O Sr. Soichiro Honda era filho de um ferreiro. Começou o seu negócio de reparação de automóveis na megametrópole de Tóquio nos anos 30; passada a II Grande Guerra, fundou a Honda Motor Corporation, em 1948, com o objectivo de abastecer o frenético mercado da reconstrução pós-guerra com soluções práticas, criativas e económicas, capazes de satisfazer as necessidades de mobilidade dos consumidores, agora cada vez mais concentrados nos grandes centros urbanos. Começou por reutilizar motores de pequena dimensão para complementar a força da pedalada nas bicicletas, inventando a bicicleta-motorizada. Uns anos mais tarde, surge a "Dream", a primeira motorizada de 3 cavalos e 100 centímetros cúbicos inteiramente concebida pela Honda; este prodígio do design industrial transformou-se num autêntico objecto de culto. Daí até à CB750, a famosa 4 cilindros com que conquistou o mercado americano a partir de 1969, foi um passo do tamanho do Pacífico. A Honda é líder mundial no mercado de motocicletas.

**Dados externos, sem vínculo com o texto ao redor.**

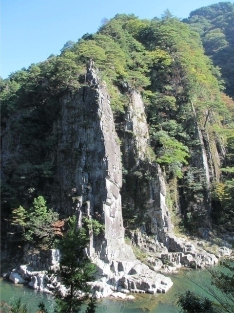 銅山川の上流6kmにわたって変化に富んだ渓谷美が続く。なかでも戻ヶ嶽(もどりがだけ)は高さ60mを超える岩壁がそそり立つ景勝地。岩の割れ目に樹木が生育し、まるで山水画のような景観が展開する。カエデなどが赤や黄に色づく秋は特に必見だ。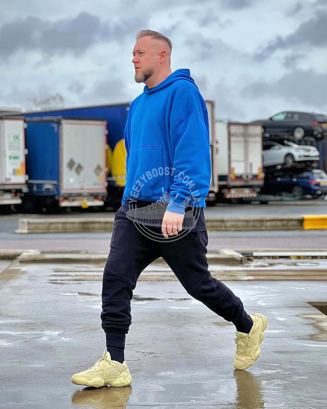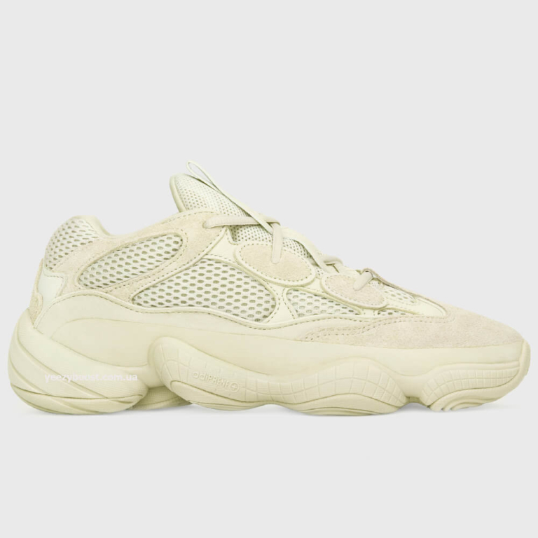 Adidas Yeezy 500 «Super Moon Yellow» були розроблені в рамках колаборації Adidas x Yeezy. Реліз відбувся 9 червня 2018 року, а ресток 27.05.2024 року. Верх кросівок Yeezy «Super Moon Yellow» виготовлений з mesh сітки та замші, а в підошві прихована амортизаційна технологія adiPRENE+. Кросівки Yeezy 500 оснащені пінною устілкою Ortholite з ефектом пам’яті та чіпкою підошвою, яка забезпечує високий рівень комфорту і не залишає слідів на поверхні. Світловідбивне напилення нанесено на язичок і елементи шнурівки. Брендинг обмежений логотипом Adidas Performance на носку кросівок. У цій лінійці бренду Каньє Веста втілюється гармонійне поєднання ретро-стилю в сучасному виконанні. Кросівки Yeezy 500 по праву вважаються справжньою класикою бренду.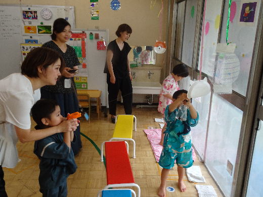 水でっぽうのコーナーを作りました。今日の夏祭りはこれまで楽しんできたことをお家の人と一緒に楽しむ会です。さかなすくいの道具の使い方も上手になってきていたり、水でっぽうを上手に的に当てられるようになっていたりして、これまでよりも楽しめていたお友だちでした。
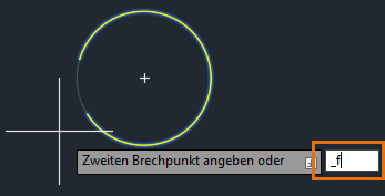 Wenn Sie zur Eingabe des zweiten Brechpunkts aufgefordert werden, geben Sie F ein, um die Option Erster Punkt zu verwenden und den ursprünglichen ersten Punkt zu überschreiben.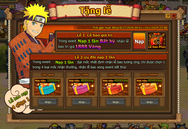 Trong thời gian event nạp 1 lần đạt mức chỉ định , nhận trả lễ vàng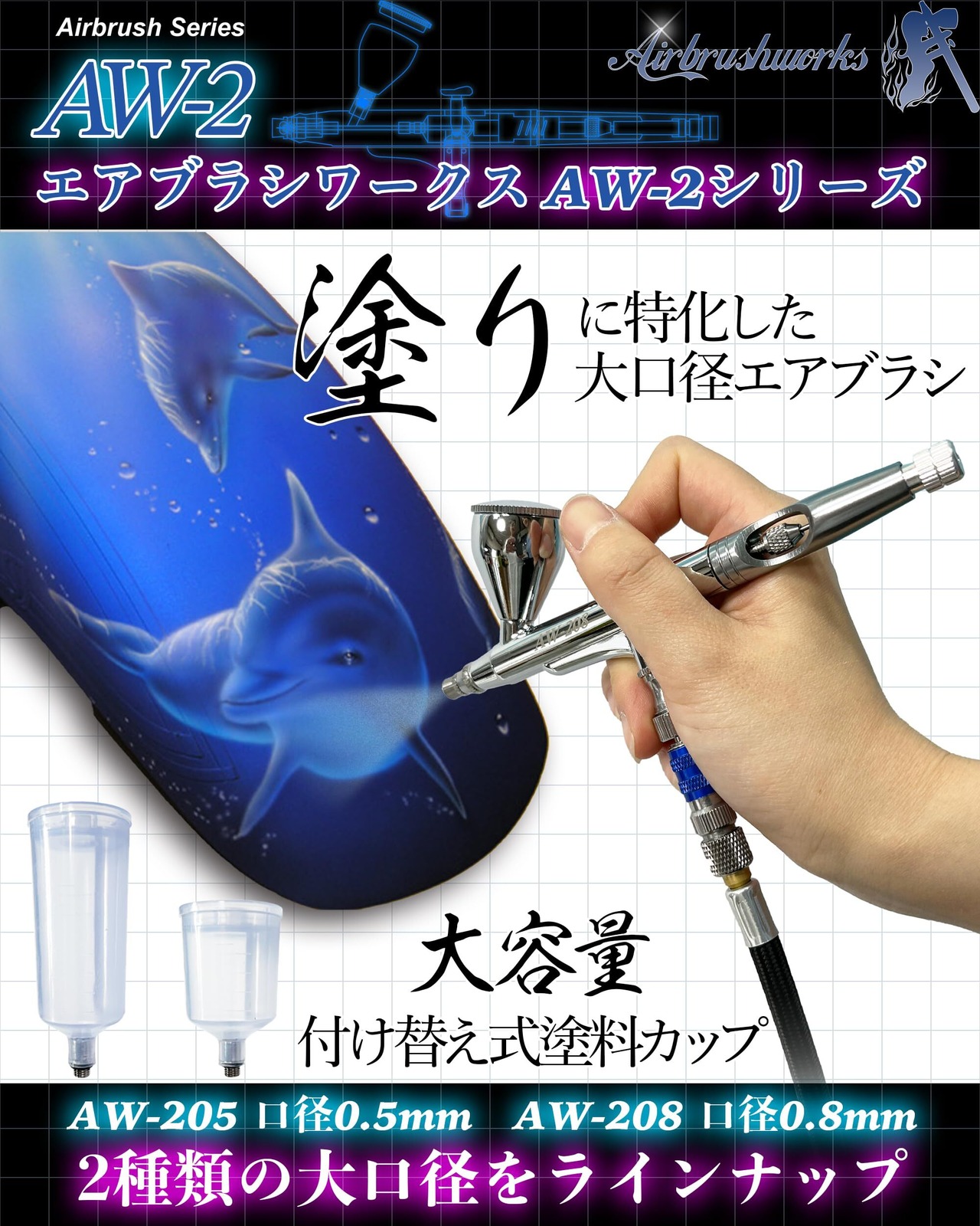 【エアブラシワークス】エアブラシAW-2シリーズ 口径0.5mm 0.8mm ハンドピース (AW-205 口径0.5mm)

Há uma ironia sádica no facto de a central nuclear japonesa de Fukushima recolocar na agenda a questão da energia atómica; desta vez, não foi uma bomba lançada por um avião americano que pulverizou toda uma região, mas um tremor de terra e maremoto, desastres naturais, a que se somou o sinistro incidente em Fukushima, o vigésimo acidente grave em 50 anos, abrangendo países da Grécia aos Estados Unidos, passando pela Alemanha, até ao tenebroso Chernobyl, na Ucrânia, em 1986.

"Não se esqueçam da Rosa de Hiroshima, a rosa heriditária, a rosa radioactiva, estúpida e inválida, (...) a anti-rosa atómica, sem cor, sem perfume, sem nada" diz Vinicius de Morais na letra da canção "Rosa de Hiroxima", brilhantemente imortalizada pela voz de Ney Matogrosso. Energia atómica? Não, obrigado; a História já tratou de confirmar que o assunto ultrapassa as militâncias, os partidarismos, as defuntas ideologias - simplesmente, não é coisa que se possa pôr sujeita aos desastres naturais e muito menos aos desastres humanos.

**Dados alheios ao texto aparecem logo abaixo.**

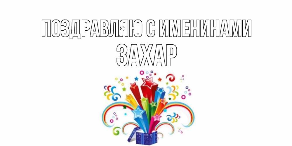 Открытка Поздравляю с именинами Захар. Открытка ко дню рождения с коробкой и радугой из звезд. Коробка,радуга,звезды
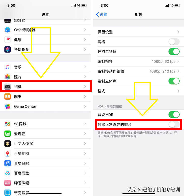 操作方法:设置--相机--关闭【保留正常曝光的照片】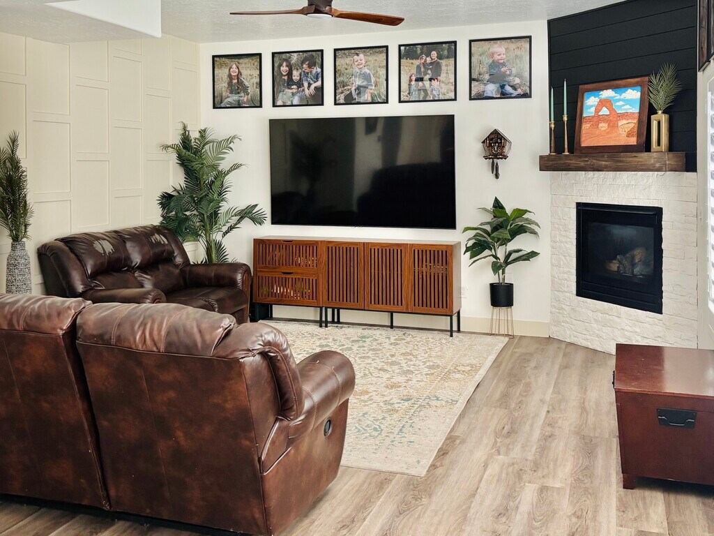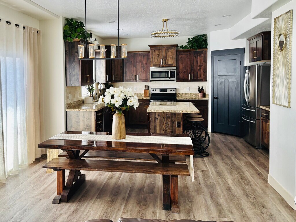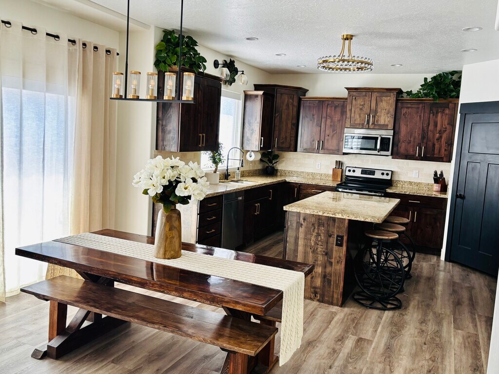Spacious 5-Bedroom Home with Steam Sauna, Lake Views & Modern Upgrades This isn’t just a rental—it has been our cherished primary home, cared for inside and out with love and attention to detail. Every update has been made with quality and comfort in mind, and now, for the first time ever, we’re opening it to you who will be the very first to enjoy it. Step inside and you’ll find 5 spacious bedrooms and 3.5 bathrooms, including a brand-new master bathroom SUITE designed for rest and relaxation. The fully finished basement offers a guest retreat with its own bedroom, a steam sauna built into the shower, and walkout access to the large, fully fenced backyard. Spacious basement to entertain friends and family. The front porch and patio are dreamy—offering million-dollar views of the lake where mornings start with peace and evenings end with magic. There's nothing like the 4th of July, watching fireworks POP and sparkle across the COUNTY. Inside, gather around the cozy gas fireplace, cook in the updated kitchen with a fresh backsplash, and appreciate thoughtful details like fandeliers in each bedroom, upgraded flooring and lighting, and fresh paint throughout. The holidays are easy with permanent, app-controlled Christmas lights. The home is also designed for function: a xeriscaped yard with a play area, an epoxy-coated garage with a large built-in workbench and cabinets, and a huge cold storage room. The property also features a large side yard, perfect for RV/BOAT PARKING. Adventure is your backyard with mountain biking and ATV/UTV trails, plus the Marina, just minutes away. To make life even easier, the home is equipped with smart automation features including app-controlled sprinklers and dual-zoned smart thermostats, giving you control over comfort and efficiency throughout every season and floor. All appliances are included (fridge, washer, and dryer)—making the home fully move-in ready. This is more than a place to rent. It’s a home that has been loved, cared for, and upgraded—now ready for new memories, new laughter, and new stories.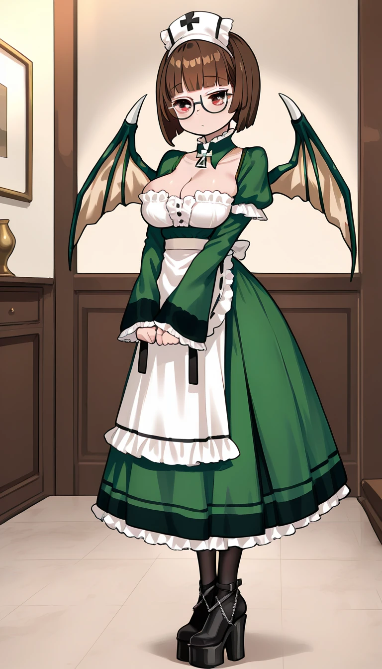 c_follett,brown eyes,brown hair,short hair,white headdress,glasses,detached collar,green dress,long dress,wide sleeves,white apron,black pantyhose,black footwear,platform heels,dragon wingsc_follett,brown eyes,brown hair,short hair,white headdress,glasses,green capelet,fur capelet,green dress,long dress,wide sleeves,white apron,cleavage,black pantyhose,black footwear,platform heelsrosa:

PS - esta crónica não contém qualquer referência directa às recentes declarações de Nicolas Sarkozy, presidente da segunda potência nuclear mundial, a França, de forma deliberada. Essas declarações, defendendo a invitabilidade do nuclear e o seu fomento futuro, foram proferidas em solo japonês, perante uma população que luta desesperadamente por conter a(s) tragédia(s), a bem, inclusivamente, da sua propagação a países europeus. Assim sendo, a verborreia encomendada do sr. presidente (que eficiente serventuário!) entra no território do nojo e da obscenidade; pertenceria, portanto, a um artigo sobre a decadência moral do Velho Continente, a tal decadência que trouxe a Guerra. E depois a Bomba.